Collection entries
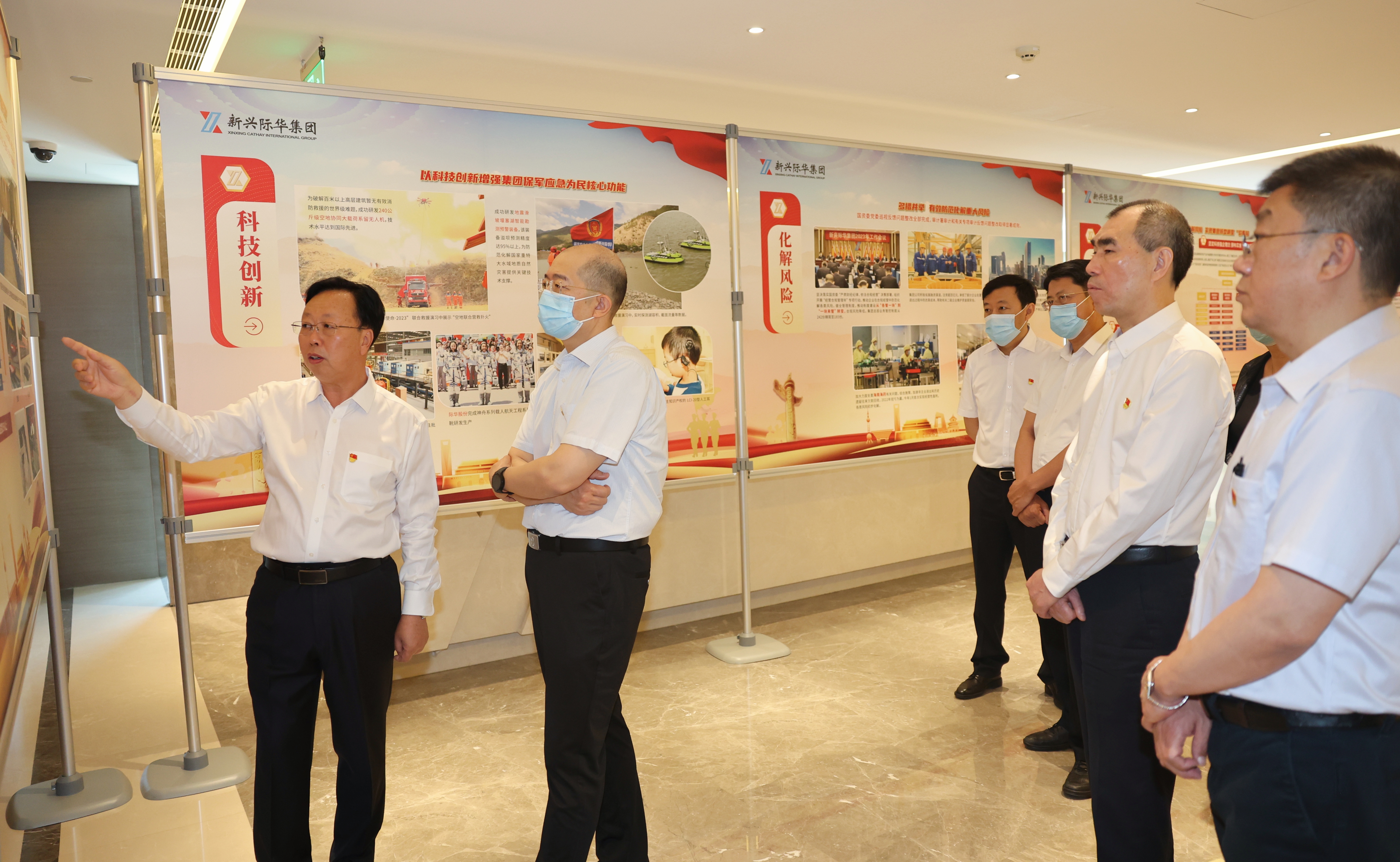 谭作钧一行参观了新兴际华集团关于主题教育、党的建设、改革发展、风险化解、科技创新、振兴工程等方面的展览。听取了集团公司党委书记、董事长贾世瑞工作汇报,并与集团总部部门、二级公司和基层党组织代表进行座谈,对近年来公司在党的建设、经营效益、资产处置、科技创新等方面工作给予肯定。
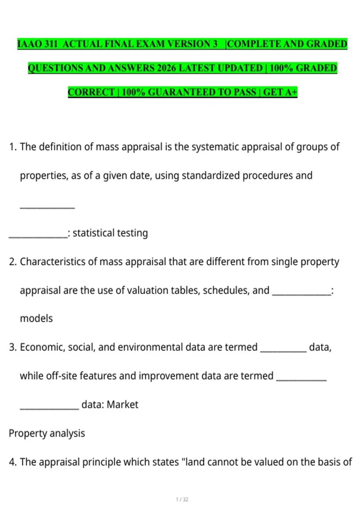 CORRECT | 100% GUARANTEED TO PASS | GET A+
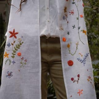 Pure linen beige shawl, hand embroidered with colorful floral pattern
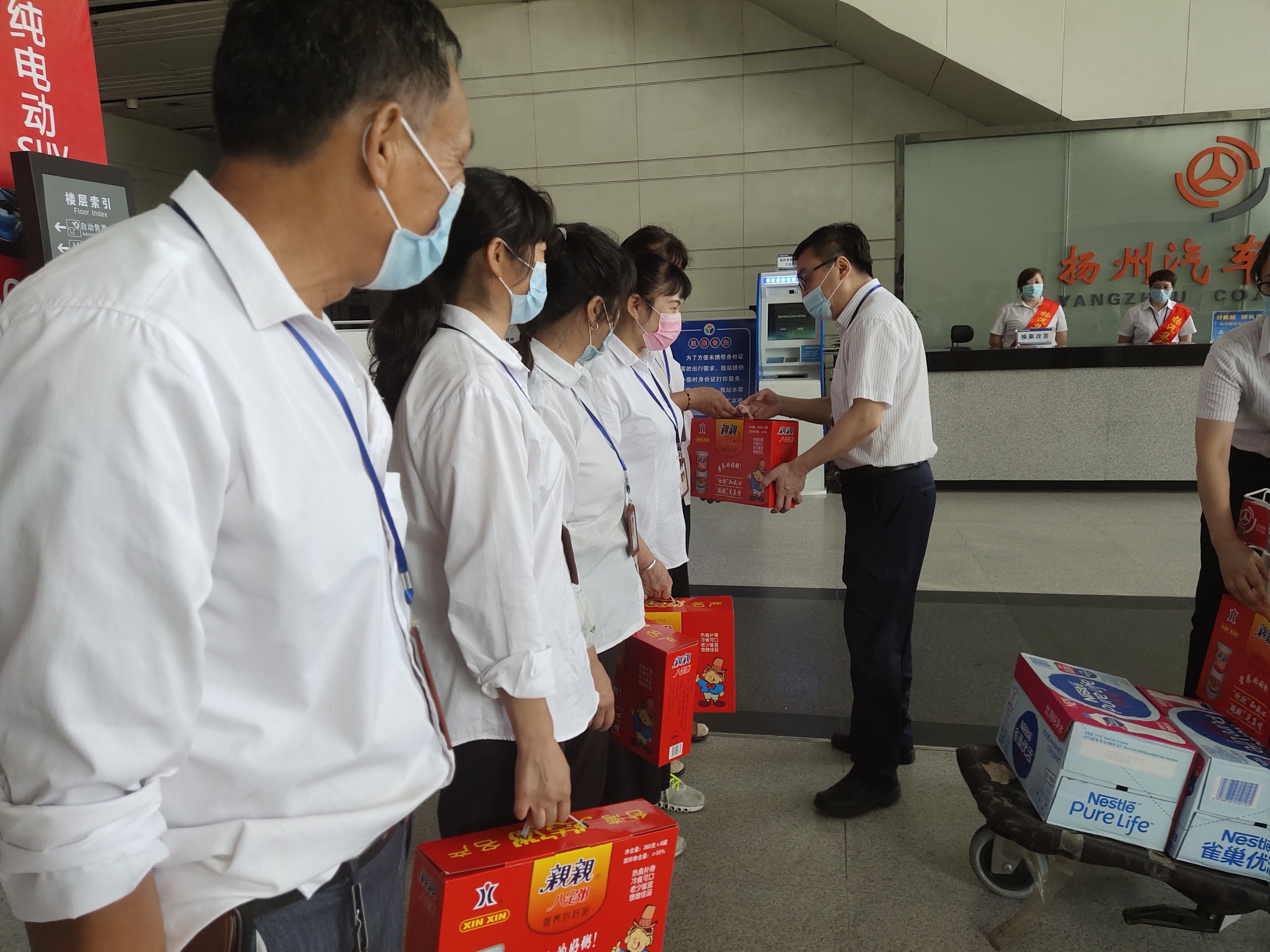 揚(yáng)州站:在疫情防控進(jìn)入常態(tài)化的情況下,揚(yáng)州站疫情防控工作絲毫沒有松懈,連日的高溫,給揚(yáng)州站疫情防控工作也帶來了挑戰(zhàn)。為了進(jìn)一步鼓勵(lì)一線職工的斗志,8月18日揚(yáng)州站組織了送涼爽慰問活動(dòng),向高溫天氣中堅(jiān)守崗位的志愿者、保潔等一線職工送去防暑降溫慰問品,在慰問中叮囑職工注意防暑降溫、勞逸結(jié)合,做好安全保障措施,確保勞動(dòng)安全和身體健康。同時(shí)也進(jìn)一步勉勵(lì)他們更好的做好服務(wù)工作,為打造平安揚(yáng)州、幸福揚(yáng)州、精致?lián)P州做貢獻(xiàn)。
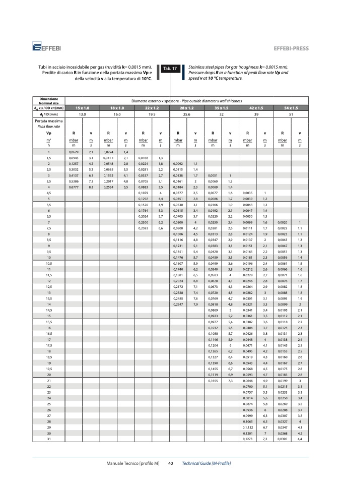 Tubi in acciaio inossidabile per gas (ruvidità k= 0,0015 mm).
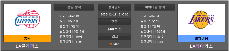 2025년 12월 21일 NBA LA클리퍼스 vs LA레이커스 스포츠중계:스포츠무료중계추천## 1. 매치업 기본 프레임
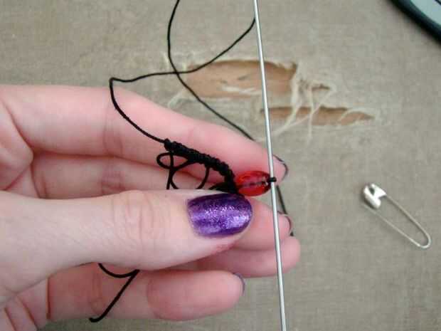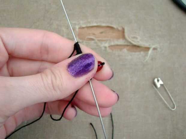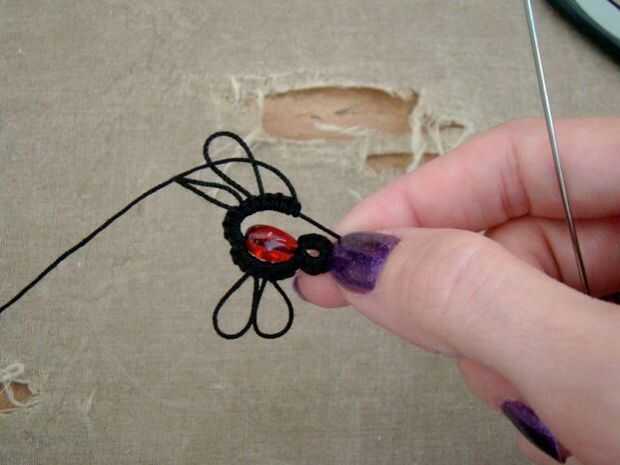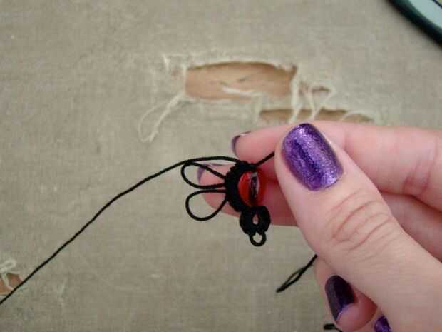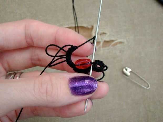Pase la aguja por el espacio por encima de la aguja y tire firmemente, atar y ocultar extremos recorte de exceso de hilo. Clip de picots de pierna y realiza.

▶ [What this task involves] Set down exactly, with no additions, each line from the line that includes "2025년 12월 21일" to the final line of the entries above; leave pictures out.

▶ [Output]
 2025년 12월 21일 NBA LA클리퍼스 vs LA레이커스 스포츠중계:스포츠무료중계추천## 1. 매치업 기본 프레임
Pase la aguja por el espacio por encima de la aguja y tire firmemente, atar y ocultar extremos recorte de exceso de hilo. Clip de picots de pierna y realiza.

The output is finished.